Together with future XDOF co-founder and CTO Fred Shentu, Wu worked on GELLO, an affordable teleoperation system that enables human operators to control robotic arms and generate training data. “The project ultimately became highly influential within the robotics community because many researchers were facing the same limitations,” Wu explained. “A significant number of teams began using similar systems to gather data more effectively.”

Recognizing the market opportunity, Wu, Shentu, and third co-founder and Chief Operating Officer Nemo Jin launched XDOF in October 2024 with the goal of creating a comprehensive data ecosystem for organizations building robotics models. Understanding that simple data collection can become a commodity business, the company has expanded its focus to include data cleaning, annotation, and specialized tooling, creating a continuous and self-improving feedback loop for robotics training.
As an initial step, XDOF is collaborating with UC Berkeley’s AI Research Lab to release what it believes to be the largest collection of high-quality robotics training data ever assembled.
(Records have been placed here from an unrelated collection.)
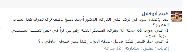 وتساءل الناشط الحقوقي، هيثم أبو خليل، قائلًا: “بعد الاعتداء اليوم في تركيا على القارئ الدكتور أحمد نعينع، كيف ترى تصرف هذا الشاب المصري؟”.
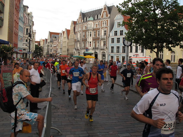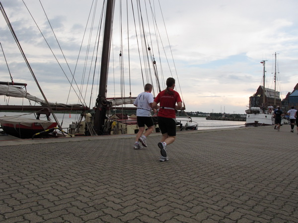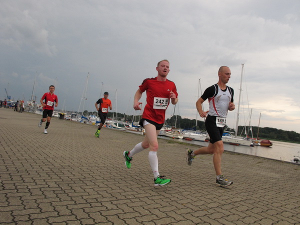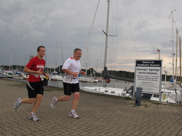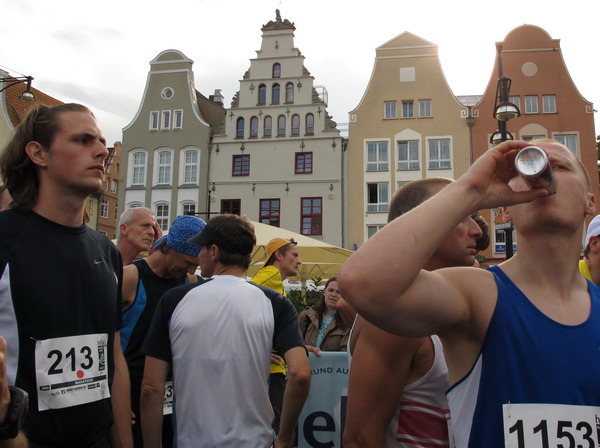 Bis zum Start um 18.00 Uhr ist von der Abkühlung nicht mehr viel zu spüren. Es ist schwül und ich muss noch unbedingt was trinken. 1484 Anmeldungen registrierte der Veranstalter, aber nur etwa 200 entfallen auf den Marathon. Über 800 Halbmarathonläufer starten um 20.00 Uhr auf genau halber Strecke am Warnowtunnel. Eine Besonderheit ist der Staffel-Marathon. Gleich 8 Läufer teilen sich die Distanz. Die Wechselstellen werden alle per Schiff angefahren.
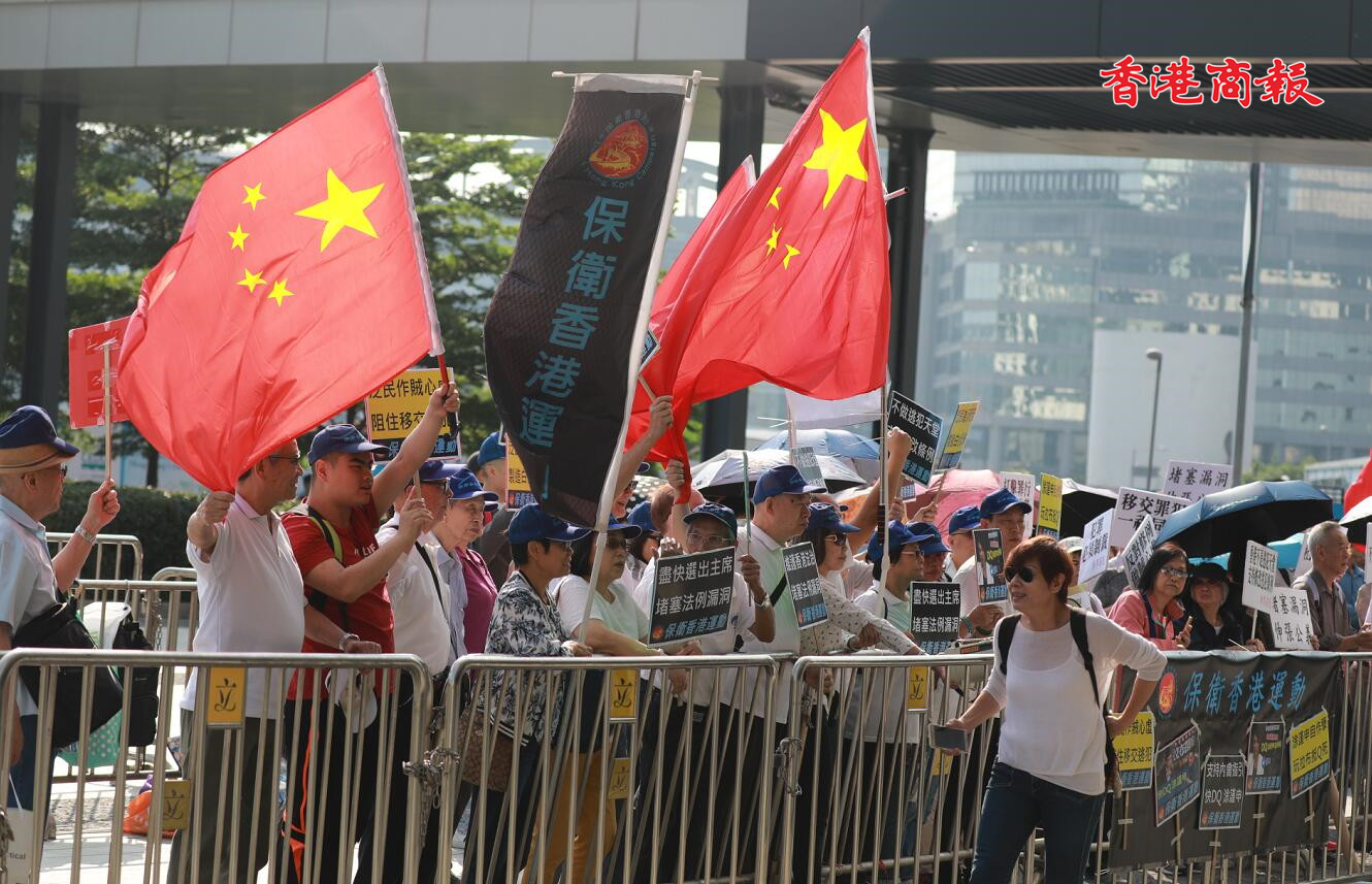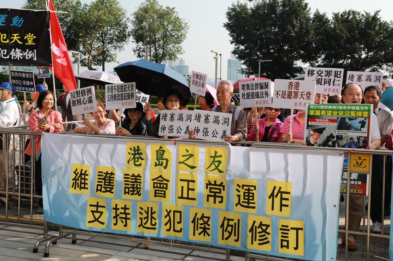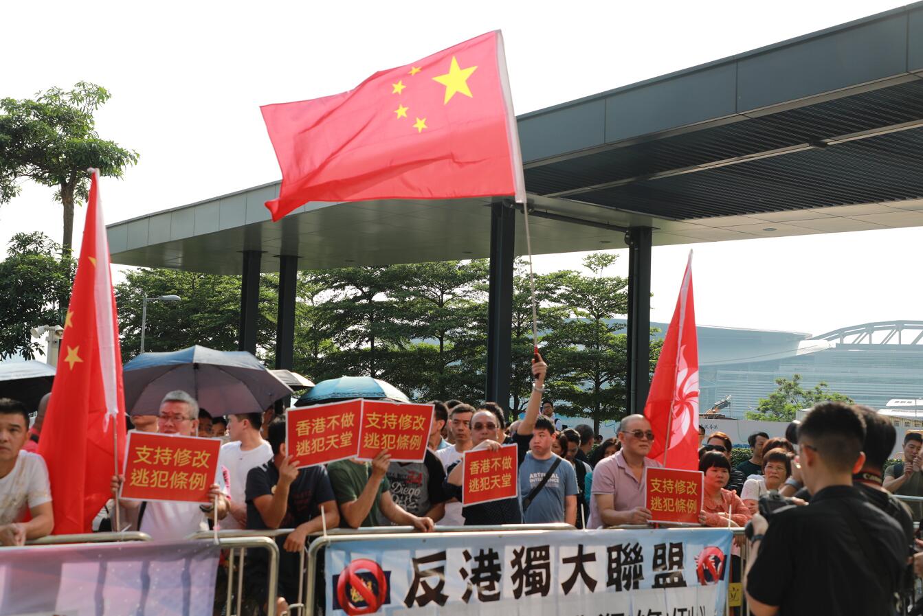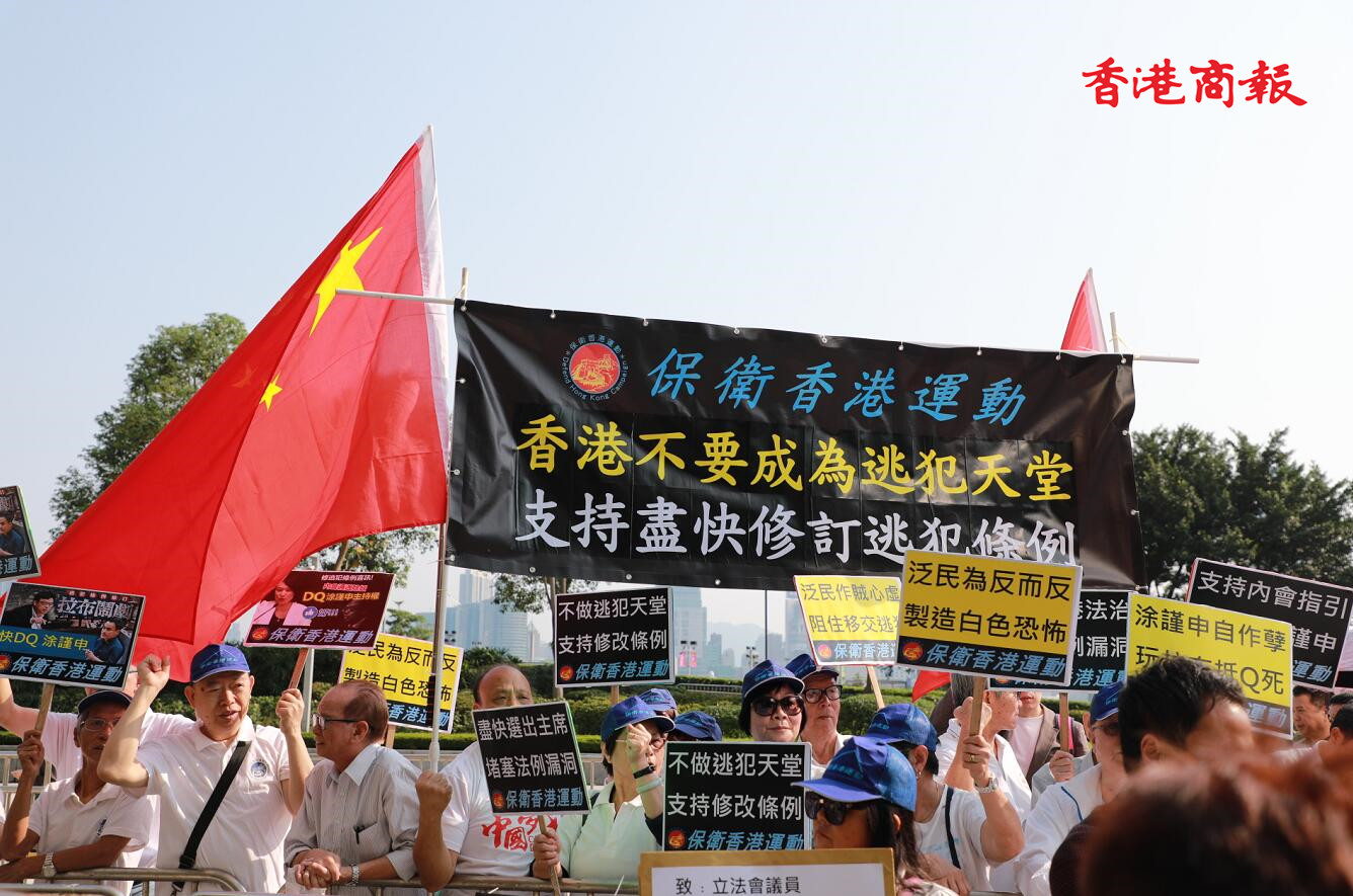 珍惜群組、保衛香港運動、港島之遊、反港獨大聯盟等多個愛國愛港團体,今早在立法會外示威,支持立法會修訂逃犯條例,譴責非建制派議員阻撓修例。
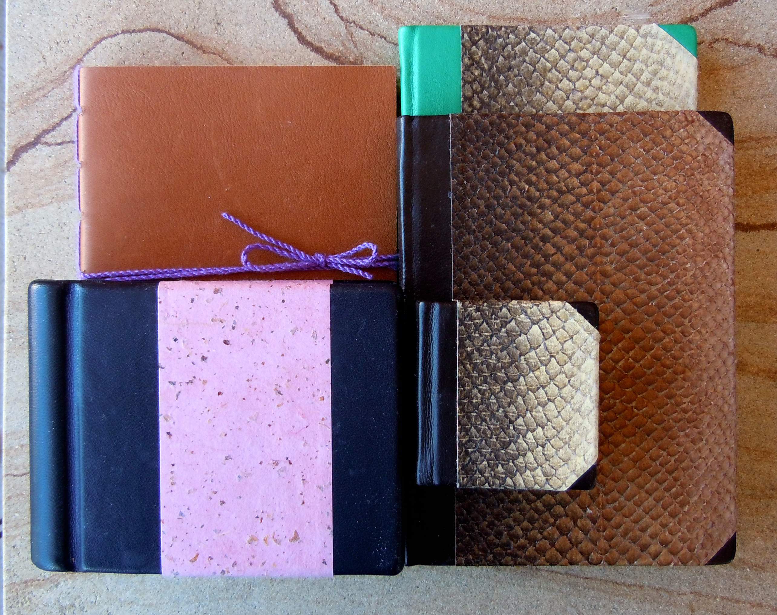 De senaste böckerna. Efter en kurs i Sigtuna hos Lotta Rahme i fiskskinnsberedning prövade jag att använda laxskinnen på några böcker.
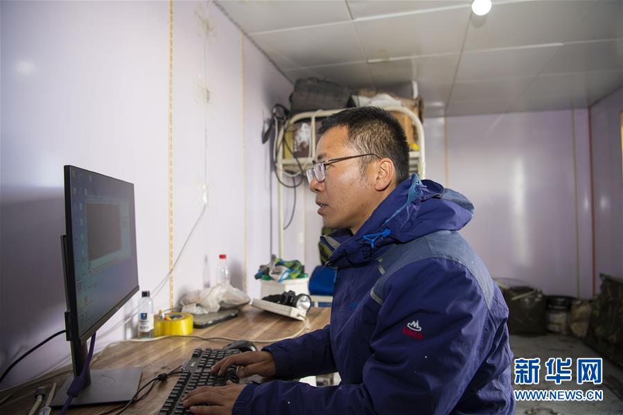 在中國科學院新疆天文臺慕士塔格觀測站,馮國杰打開軟件,調試設備(6月15日攝)。新華社記者胡虎虎攝
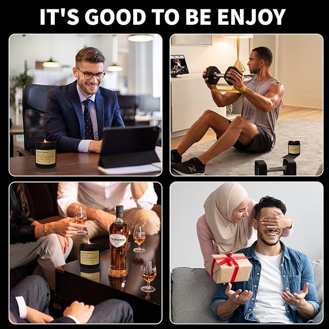 - LONG LASTING SCENT: Enhanced fragrance and excellent diffusion make your living room smell amazing with just one burn. Enjoy this luxury candle made with the finest essential oils to bring you a lasting and strong scent.Candles in black jar and minimalist designs can seamlessly blend into a masculine aesthetic, enhancing the overall ambiance of the room.
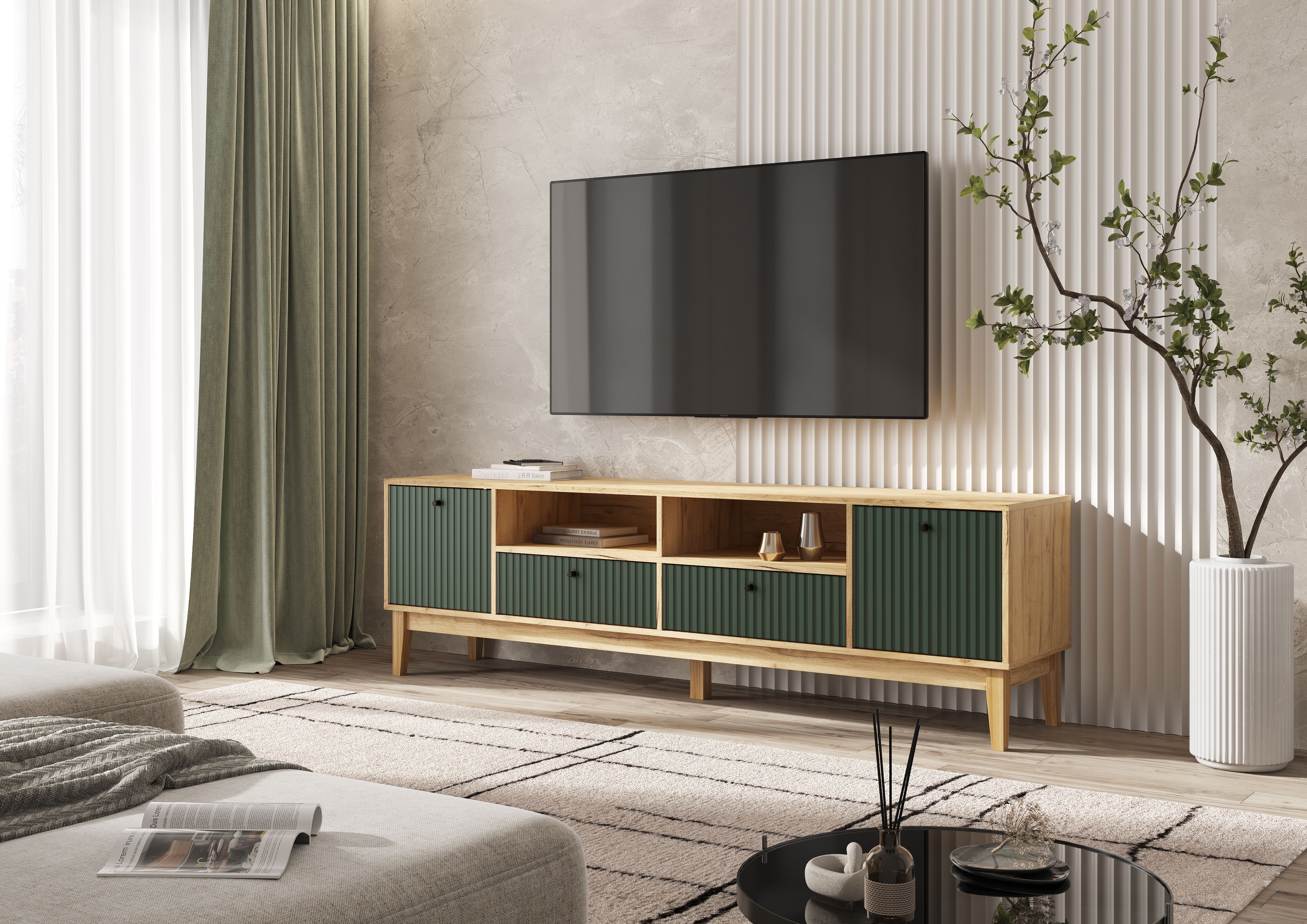 Оливия Тумба ТВ 2 двери 2 ящика (Браш Мени Грин, Дуб Крафт )
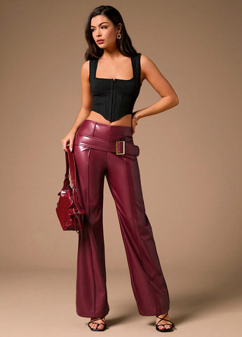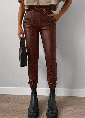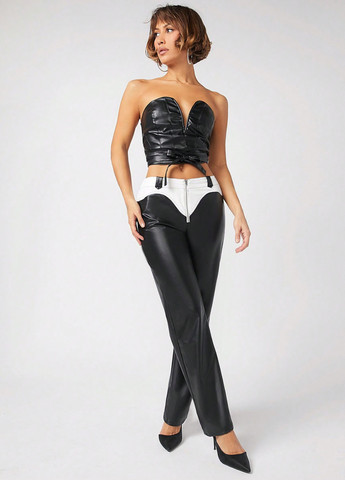 Колір Чорний / Матеріал Поліестер, Штучна шкіра / Фасон Завужені / Висота посадки Висока талія / Візерунок Однотонний
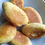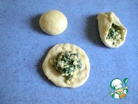 Раскатать шарики в лепёшки, разложить начинку, защипать. Вначале залепить серединку, затем края. Так получаются пузатые пирожки. Начинка по Госту 20-25 г. |
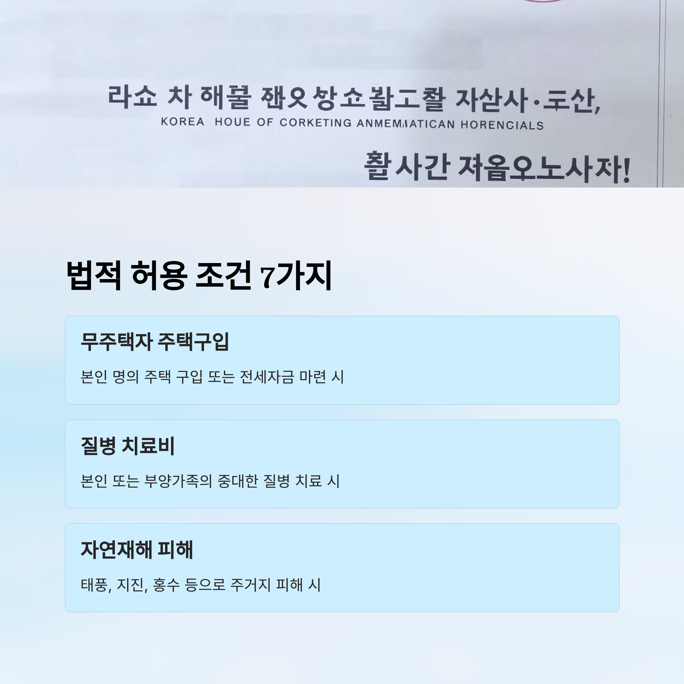 | 대표 사유 | 주택 구입, 질병 치료, 자연재해 등 |
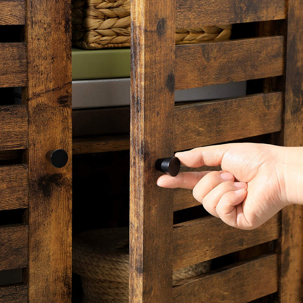 GENTLE PRESSURE: The stylish louvred door of this compact side cabinet opens as if by magic when pressed lightly. Behind it, a height-adjustable shelf offers plenty of storage space for all your secrets
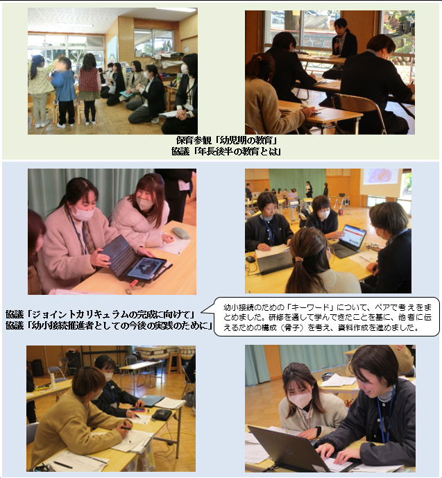 - 幼小の接続に大切なことを、実際の保育を見ながら、子どもの近くで考えることができたことも有意義だった。やはり、子どものやりたいという気持ちがとても大切であることを実感し、そのような気持ちを大切にした授業や活動にしていかなくてはいけないと思った。やる気は、いろいろな成長につながっていると感じた。
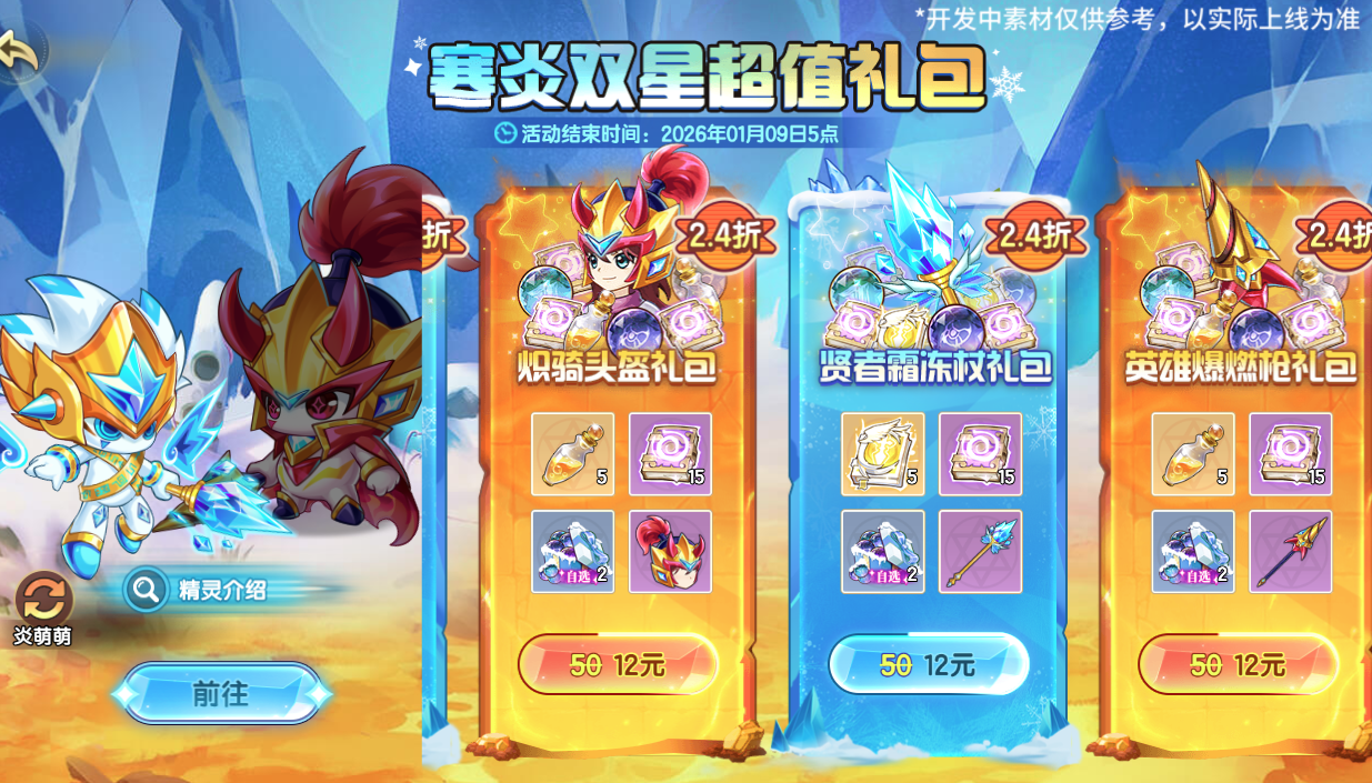 寒炎双星来袭,也给小西普们带来了双星装扮礼包——炽骑头盔礼包(装扮)、英雄爆燃枪礼包(装扮)、霜魄法冠礼包(装扮)、贤者霜冻杖礼包(装扮)以及资源养成礼包(内含灵源、天启能量等)。
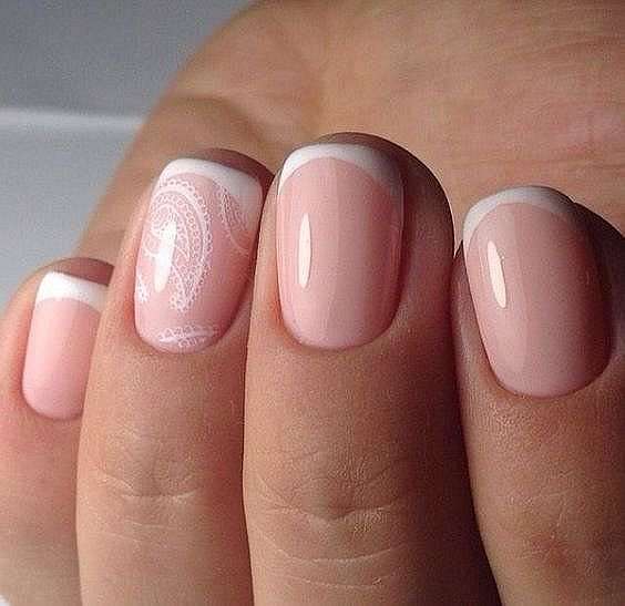 Можно воспользоваться следующей маникюра: сначала делается стандартный френч, после чего он покрывается кружевным рисунком. Такой вид маникюра будет особенно уместен на свадьбе, он выглядит естественно и красиво.

Known as ABC, the dataset contains 130,000 robot manipulation trajectories, 300 hours of simulation data, and 100 hours of evaluation data. Academic researchers have never before had access to robotics pre-training data at this scale.
“We’ve repeatedly seen across language models, image generation, and other AI disciplines that when models and datasets become publicly available, the research community often achieves breakthroughs that would have been difficult to predict,” David McAllister, a Berkeley PhD student who helped coordinate the release, told TechCrunch.
Researchers have already leveraged the dataset to train robots on benchmark tasks such as folding T-shirts, flattening cardboard boxes, and placing AirPods into their charging cases.
Unlimited Degrees of Freedom
XDOF intends to operate across three levels of a robotics data pyramid. At the top sits the most valuable category: teleoperation data collected directly on the specific robot intended for deployment. The second layer consists of teleoperated robots gathering more generalized training data, similar to the approach pioneered through GELLO. The third layer includes “egocentric” data, captured from humans performing everyday activities, for which XDOF plans to develop proprietary wearable sensing technology.
“The choice of camera hardware directly influences the quality of the data you collect, which in turn affects the performance of hand-tracking systems and other algorithms,” Wu said. “If the hardware isn’t designed properly from the outset, the resulting dataset may contain hidden issues that only become apparent much later.”

To support this effort, XDOF plans to recruit and train large numbers of teleoperators and egocentric data collectors worldwide. The strategy is highly labor-intensive, which naturally raises an important question: why are major AI laboratories not producing this data themselves?
“You would need facilities spanning hundreds of thousands of square feet and housing hundreds of robots,” Wu explained. “Those robots must be maintained, calibrated, and monitored continuously, while operators need to be recruited and trained to work effectively with the systems.”
Building that kind of infrastructure requires substantial capital, operational expertise, and organizational focus—resources that many AI labs would prefer to allocate elsewhere. XDOF is positioning itself as the specialized partner capable of handling this complexity on their behalf.
The company’s name is derived from the robotics concept of “degrees of freedom,” which refers to the number of independent movements a robot can execute. A human arm, from shoulder to wrist, possesses seven degrees of freedom. Figure AI’s latest humanoid robot features 30.
The “X” in XDOF reflects the company’s broader ambition. As Wu describes it, the goal is to support “arbitrary degrees of freedom, unlimited degrees of freedom” — a vision centered on enabling the next generation of physical AI systems through scalable, high-quality robotics data.